Research is increasingly driven by large-scale data. Yet, generating data at high-throughput sometimes carries negative connotations, as reflected in this quote from Sydney Brenner:
“Low input, high throughput, no output science”
Indeed, high-throughput data collection has sometimes been associated with poor experimental design and data quality. Sometimes, the problem is that treatment groups coincide with analysis batches, which makes it impossible to distinguish between biological effects and technological artifacts (batch effects). Another common problem is that high-throughput data often focus on what can be easily measured at high-throughput rather that what should be measured to answer scientific questions. Thus, high data volumes are accumulated even though the data are not the most direct and useful measurement for the investigated questions. A further problem is the fact that sometimes large numbers of assays make it difficult to evaluate the quality of individual assays. A related problem is that optimizing for high-throughput may directly undermine other important aspects of the data. For example, increasing the number of single cells analyzed by RNA-seq may decrease the copies of transcripts sampled per single cell.
Despite these problems, large volumes of data generated by high-throughput omics may support the publication of the results in influential journals. Sometimes, the above problems manifest in incorrect inferences that create confusion and take years to sort out. Such flawed inferences shape a negative connotation of high-throughput methods.

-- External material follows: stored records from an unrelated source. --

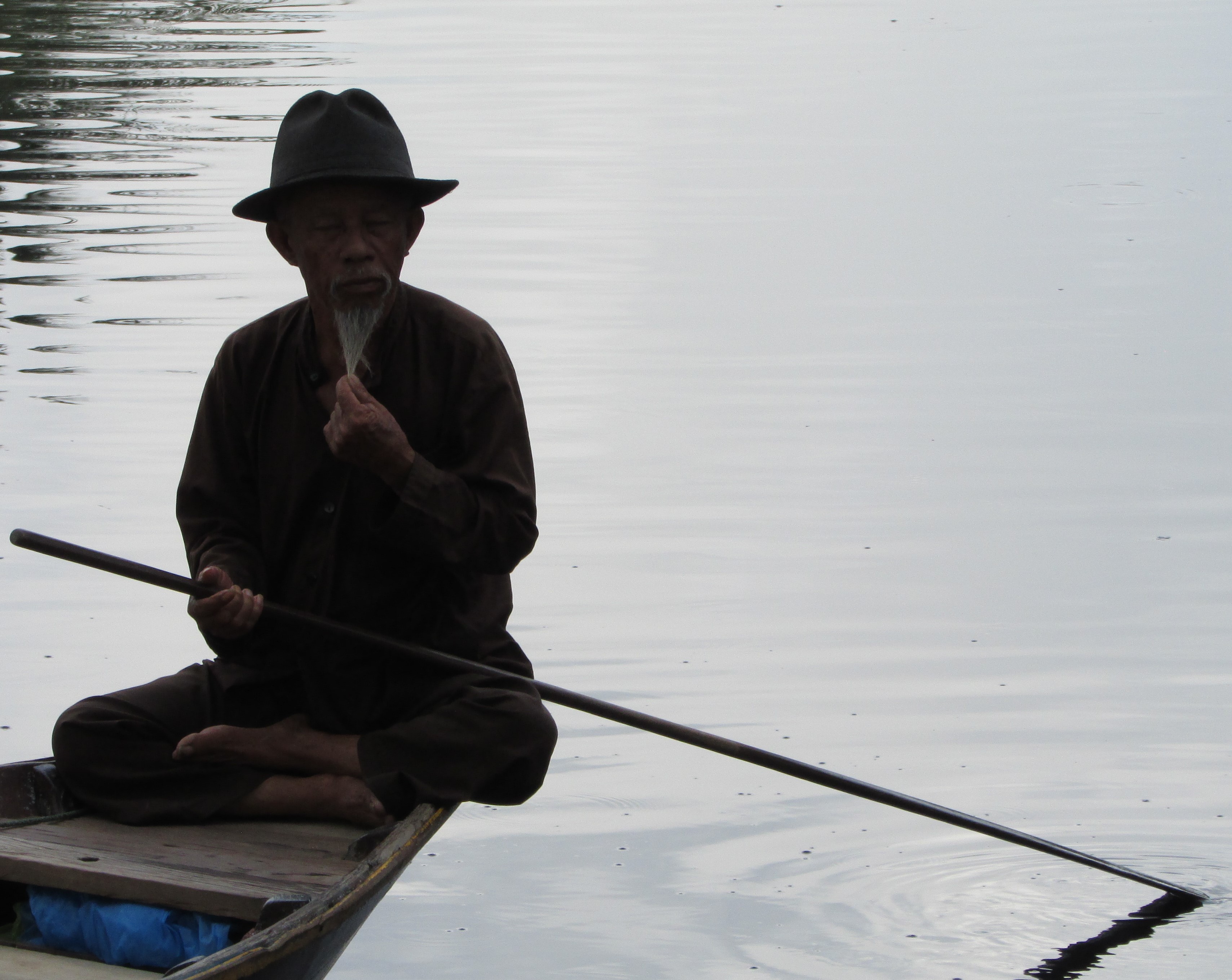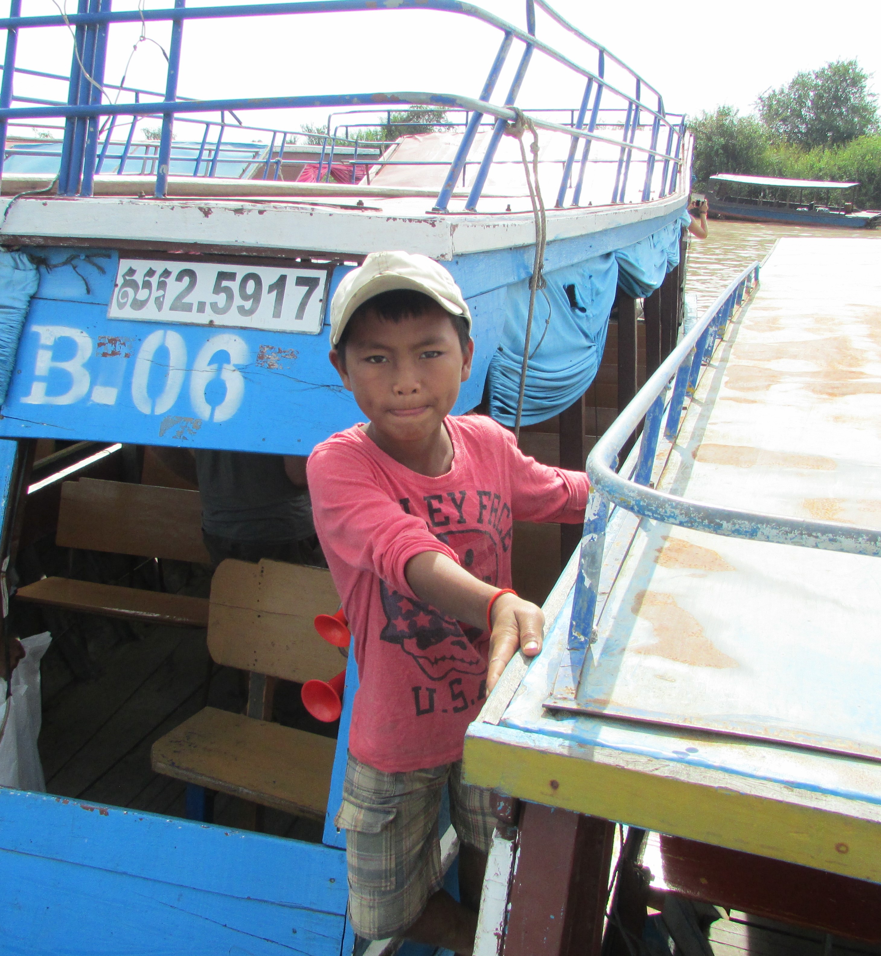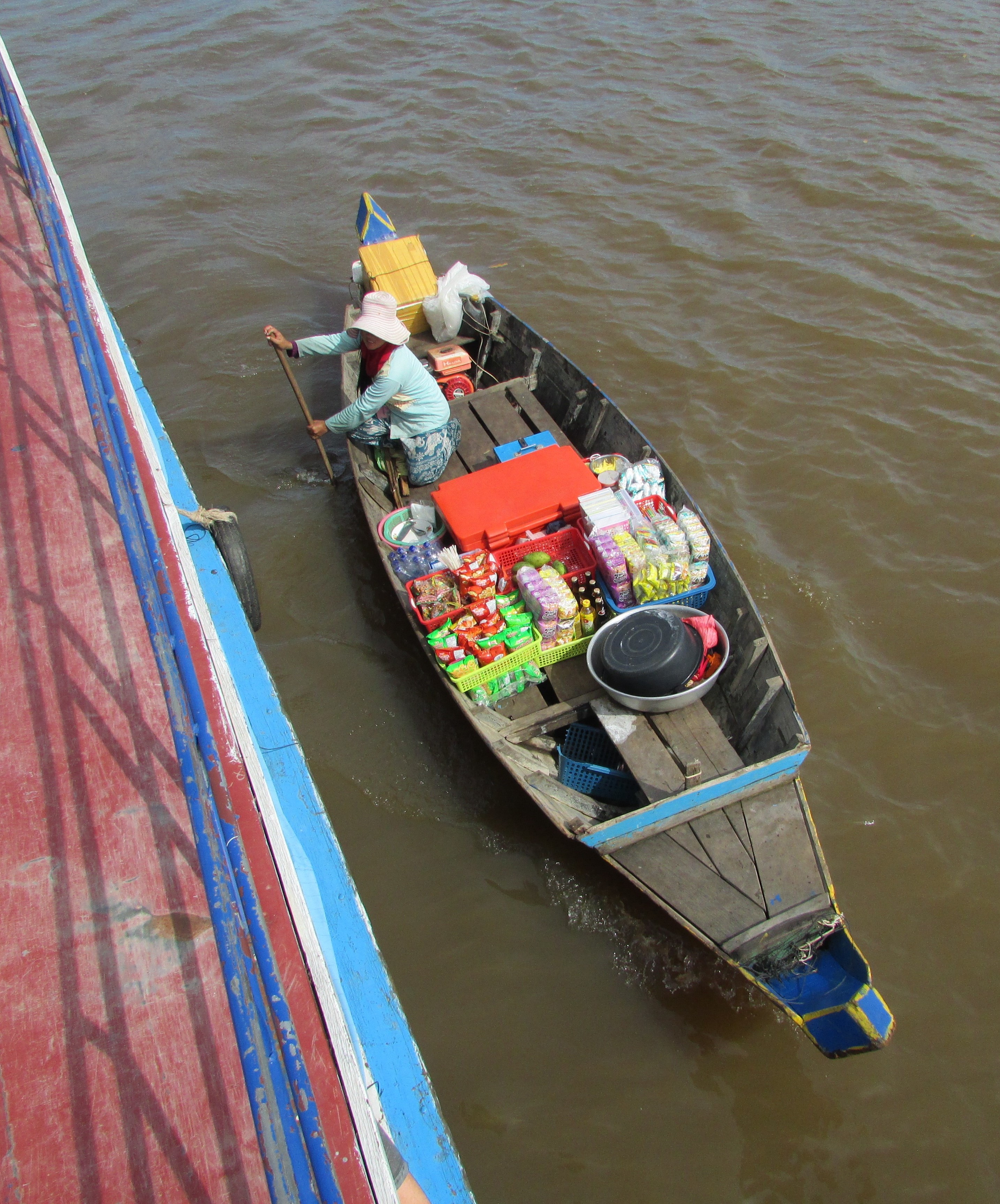 But where was the lake? The answer soon became clear as a shimmering mass of water glistened a few hundred metres down-stream. We’d made it to the edge of the lake proper. Nothing now to see, just the horizon and a local fishing boat being visited by a mobile 7/11 mini-mart, another small boat, another enterprising young business lady.
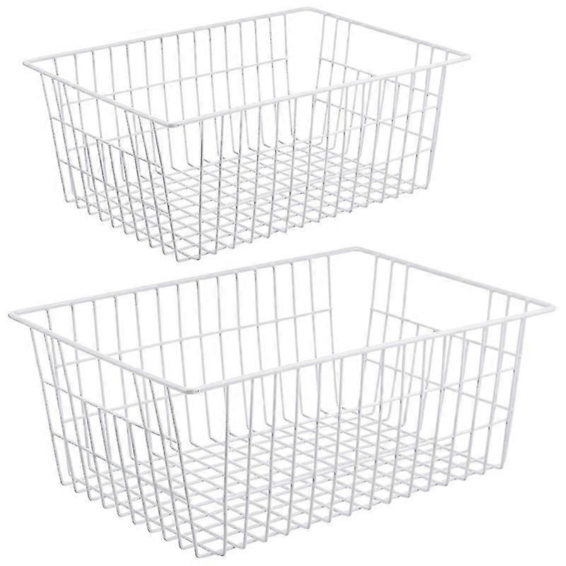 2 Pack Wire Storage Baskets, Farmhouse Metal Wire Basket Freezer Storage Organizer Bins With Handle (haoyi
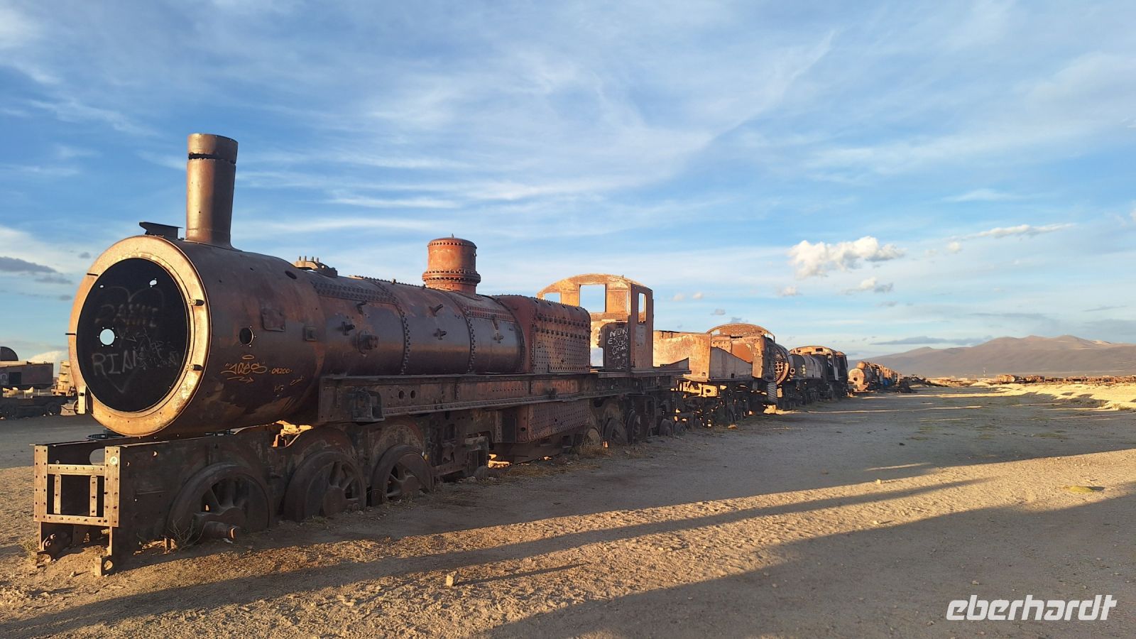 Am frühen Abend taucht dann am Horizont das gleißende Weiß der Uyuni Salzwüste auf und weckt die Vorfreude auf den nächsten Tag. Wenig später erreichen wir die Stadt Uyuni und machen uns direkt auf den Weg zum berühmten Eisenbahnfriedhof. Ende des 19. Jahrhunderts richtete man eine Bahnstrecke zwischen dem chilenischen Hafen Antofagasta und dem bolivianischen Altiplano ein, um Mineralien und Erze zu transportieren. Uyuni wurde zum wichtigen Verkehrsknotenpunkt und Bolivien zu dem südamerikanischen Land mit dem besten Eisenbahnnetz - bis in den 1940er Jahren alles zusammenbrach. Heute befinden sich über 100 Lokomotiven und Eisenbahnwagons abgestellt am Stadtrand und dienen nunmehr als Touristenattraktion und Fotomotiv. Kurz vor Sonnenuntergang haben wir diese beeindruckende Kulisse ganz für uns alleine.

While the problems described above happen, they are not inevitable. They are not fundamentally inherent to every high-throughput measurement. For example, a high-throughput measurement is not necessarily indirect. Analysis batches can and often are randomized with respect to biological treatments. The accuracy and depth of single-cell analysis can be preserved while increasing the throughput, i.e., number of single cells analyzed per unit time and cost. Furthermore, high-throughput methods may facilitate the development of standardized and systematic analytical workflow that substantially improves data quality.
A way forward
How to avoid the bad and take advantage of the good? I think a key ingredient is suggested by the Brenner quote. We should modify ‘Low input’ to ‘High input’, which hopefully modifies the rest of the quote as well to:
“High input, high throughput, high output science”
What I mean here by high input is high intellectual input. I mean starting with a solid experimental design, compelling questions, and measurements that are worth doing, not only easy to do at high throughput.
I think high-throughput has much to offer if imbedded in well-motivated research focused on thoughtful scientific questions, not merely on maximizing data volumes.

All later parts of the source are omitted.